--- Data in this exercise ---
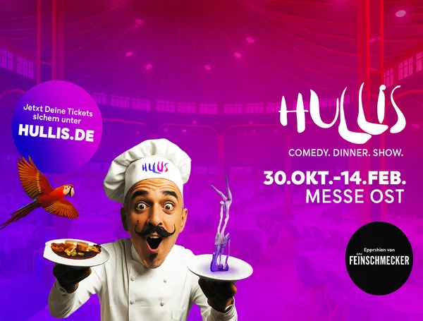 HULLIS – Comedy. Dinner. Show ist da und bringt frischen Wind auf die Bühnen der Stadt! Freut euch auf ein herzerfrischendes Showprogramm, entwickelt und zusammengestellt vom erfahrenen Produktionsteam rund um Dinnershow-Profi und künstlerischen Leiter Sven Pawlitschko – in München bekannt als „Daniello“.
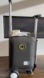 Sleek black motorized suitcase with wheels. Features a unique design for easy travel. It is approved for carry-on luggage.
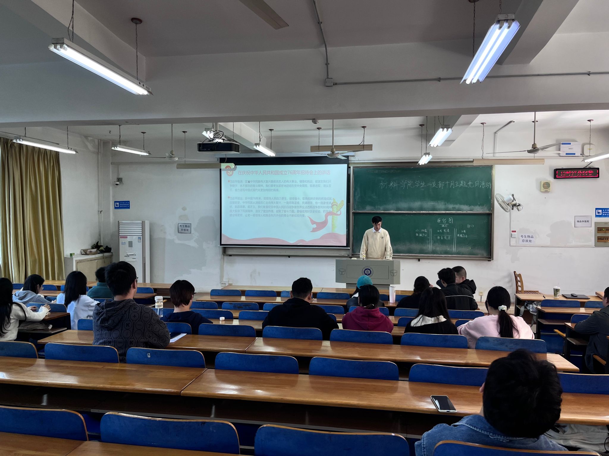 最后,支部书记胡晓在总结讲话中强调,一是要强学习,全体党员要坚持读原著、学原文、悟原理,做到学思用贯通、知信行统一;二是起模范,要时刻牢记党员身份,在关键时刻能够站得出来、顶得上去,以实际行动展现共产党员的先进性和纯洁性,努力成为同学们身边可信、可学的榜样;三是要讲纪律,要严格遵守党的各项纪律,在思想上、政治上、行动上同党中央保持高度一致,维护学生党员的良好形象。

==

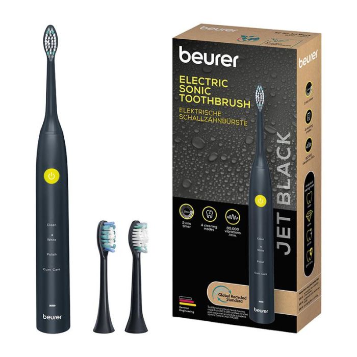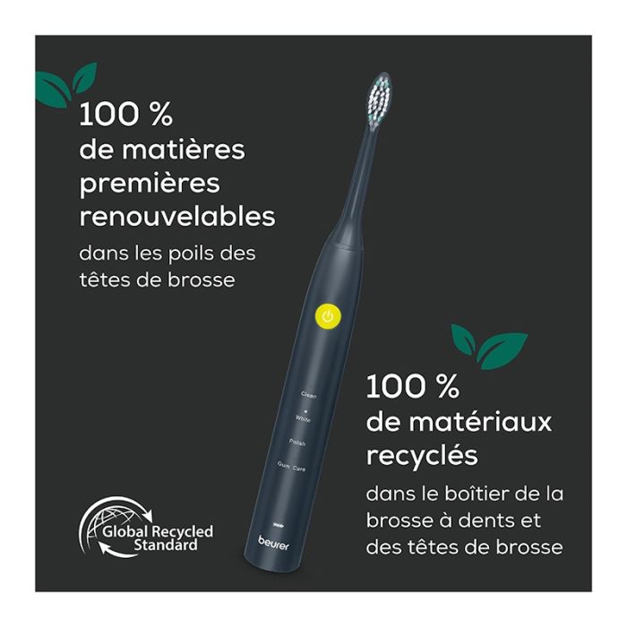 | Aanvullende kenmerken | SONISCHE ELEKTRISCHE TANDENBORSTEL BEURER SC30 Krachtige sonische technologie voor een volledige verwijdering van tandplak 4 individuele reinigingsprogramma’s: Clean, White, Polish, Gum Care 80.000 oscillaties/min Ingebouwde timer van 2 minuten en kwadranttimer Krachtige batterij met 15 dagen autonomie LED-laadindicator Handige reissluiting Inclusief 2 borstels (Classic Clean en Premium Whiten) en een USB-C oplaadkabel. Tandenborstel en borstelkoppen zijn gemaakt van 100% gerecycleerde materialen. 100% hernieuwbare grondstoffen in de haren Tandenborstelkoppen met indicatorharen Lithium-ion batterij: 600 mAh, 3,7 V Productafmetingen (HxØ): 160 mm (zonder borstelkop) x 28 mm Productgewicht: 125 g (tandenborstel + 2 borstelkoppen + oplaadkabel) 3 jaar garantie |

==

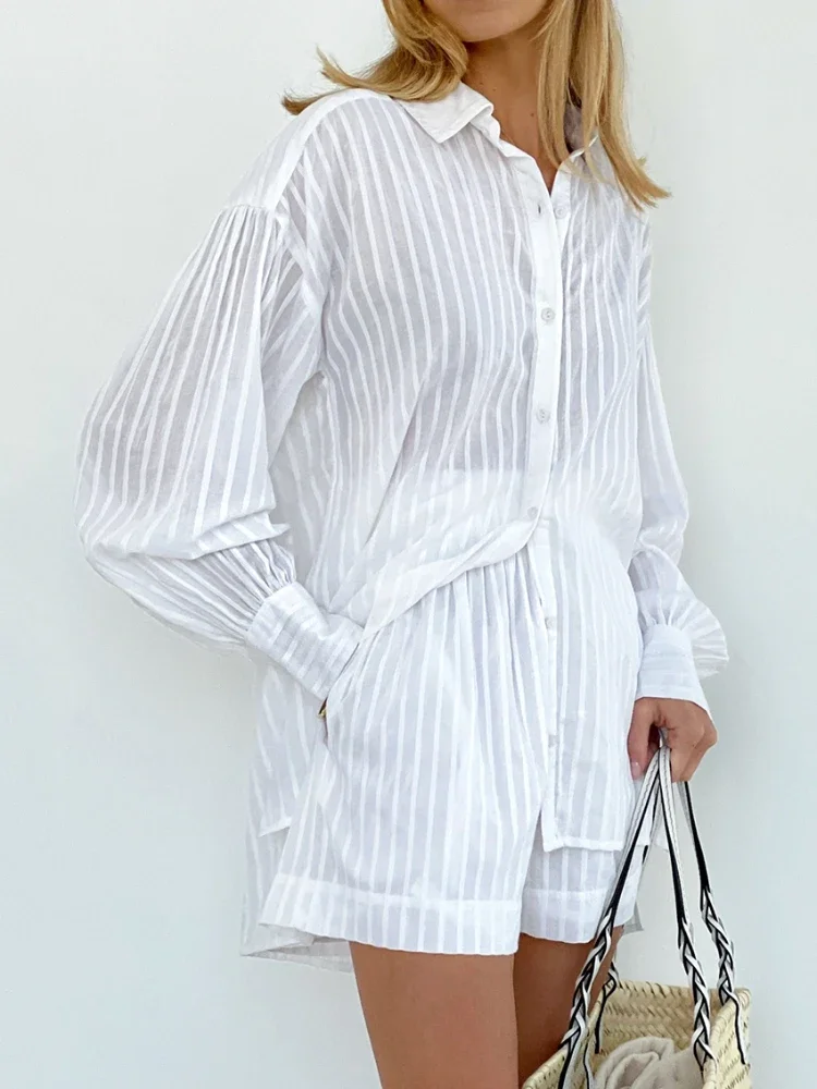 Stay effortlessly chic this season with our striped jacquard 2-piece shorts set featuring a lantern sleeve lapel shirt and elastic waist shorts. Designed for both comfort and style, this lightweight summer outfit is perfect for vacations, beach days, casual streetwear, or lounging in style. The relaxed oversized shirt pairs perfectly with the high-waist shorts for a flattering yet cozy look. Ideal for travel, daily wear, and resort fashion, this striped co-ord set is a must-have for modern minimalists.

--- What you have to do ---
The lines to set down run from the line with "HULLIS – Comedy." up to and including the line with "最后,支部书记胡晓在总结讲话" in the entries above. Reproduce them exactly, with no pictures.

--- Solution ---
 HULLIS – Comedy. Dinner. Show ist da und bringt frischen Wind auf die Bühnen der Stadt! Freut euch auf ein herzerfrischendes Showprogramm, entwickelt und zusammengestellt vom erfahrenen Produktionsteam rund um Dinnershow-Profi und künstlerischen Leiter Sven Pawlitschko – in München bekannt als „Daniello“.
 Sleek black motorized suitcase with wheels. Features a unique design for easy travel. It is approved for carry-on luggage.
 最后,支部书记胡晓在总结讲话中强调,一是要强学习,全体党员要坚持读原著、学原文、悟原理,做到学思用贯通、知信行统一;二是起模范,要时刻牢记党员身份,在关键时刻能够站得出来、顶得上去,以实际行动展现共产党员的先进性和纯洁性,努力成为同学们身边可信、可学的榜样;三是要讲纪律,要严格遵守党的各项纪律,在思想上、政治上、行动上同党中央保持高度一致,维护学生党员的良好形象。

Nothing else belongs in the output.